##### INFORMATION PROVIDED

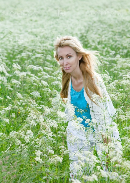 Счастливая молодая женщина в поле среди белых цветов
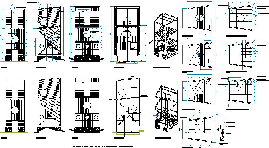 Vertical labyrinth development detail dwg file, with dimension detail, naming detail, plan, elevation and section detail, etc.
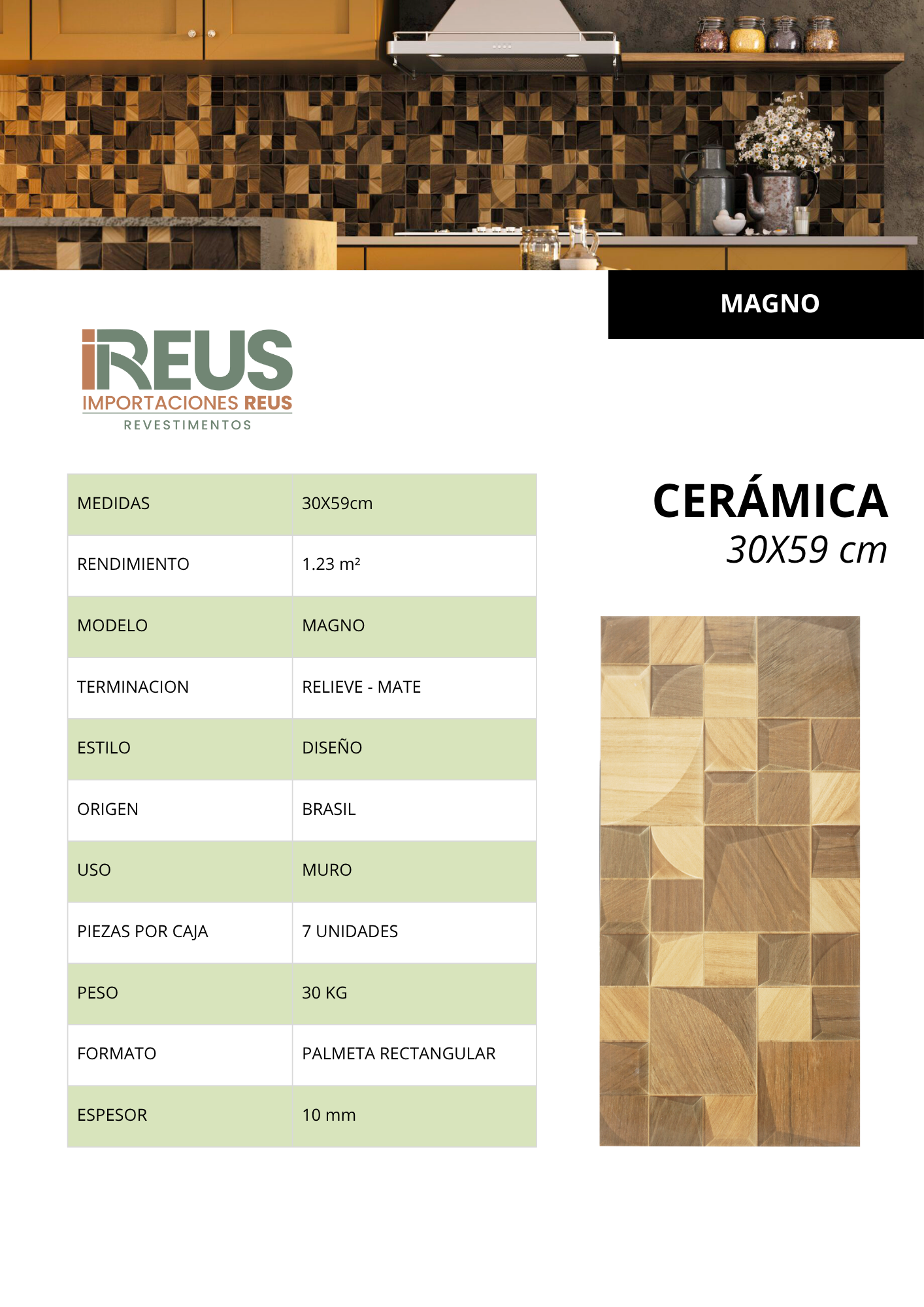 Cerámica 30x59cm $4.154xm² - MAGNO MD RT Stock por sucursal Stock por sucursal $ 5.109 Estilo Escoge Estilo Diseño Formato Escoge Formato 30x59 Textura Escoge Textura 3D - Alto Relieve cantidad Agregar al carro Encargar

##########

Copy every line above exactly, leaving no picture in the copy.

◆ SOLVED EXERCISE
 Счастливая молодая женщина в поле среди белых цветов
 Vertical labyrinth development detail dwg file, with dimension detail, naming detail, plan, elevation and section detail, etc.
 Cerámica 30x59cm $4.154xm² - MAGNO MD RT Stock por sucursal Stock por sucursal $ 5.109 Estilo Escoge Estilo Diseño Formato Escoge Formato 30x59 Textura Escoge Textura 3D - Alto Relieve cantidad Agregar al carro Encargar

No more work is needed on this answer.